* Raw data:
********

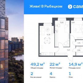 Строим кварталы для жизни с заботой о будущем. Предлагается 2-комнатная квартира комфорт-класса 49, 2 кв.м в корпусе 4 на 1 этаже, в ЖК «Живи! В Рыбацком» Квартира с чистовой отделкой. Доступность дополнительных опций уточняйте у застройщика. Приобрести квартиру возможно по...
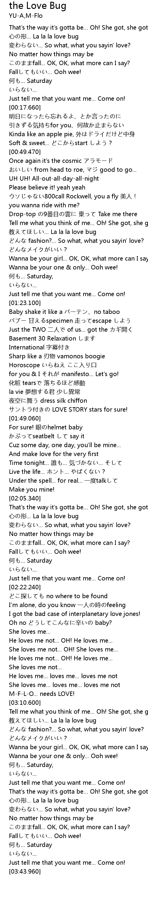 | [01:08.380] | 教えてほしい... La la la love bug |
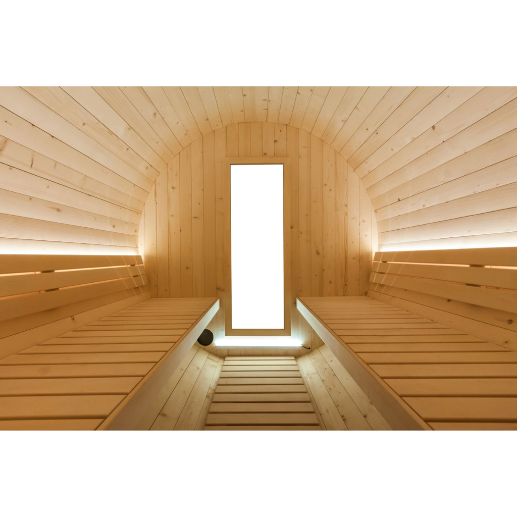 De sauna is vervaardigd uit massief vurenhout en afgewerkt met een luxe lindehouten interieur. Binnenin vind je twee comfortabele banken, ergonomische rugleuningen en een tweedelig vloerrooster, wat zorgt voor een ontspannen zithouding en een goede luchtcirculatie. De geïntegreerde dimbare witte LED-strip (76 cm) creëert een rustgevende sfeer. Voor extra beleving is de Kuusi-serie optioneel uit te breiden met LED-kleurenverlichting.

********

* Aim of the exercise: Keeping both end lines, retype exactly the lines from the first line of the material through the line that contains "la love bug |", but not the pictures.

* Solution for this task:
 Строим кварталы для жизни с заботой о будущем. Предлагается 2-комнатная квартира комфорт-класса 49, 2 кв.м в корпусе 4 на 1 этаже, в ЖК «Живи! В Рыбацком» Квартира с чистовой отделкой. Доступность дополнительных опций уточняйте у застройщика. Приобрести квартиру возможно по...
 | [01:08.380] | 教えてほしい... La la la love bug |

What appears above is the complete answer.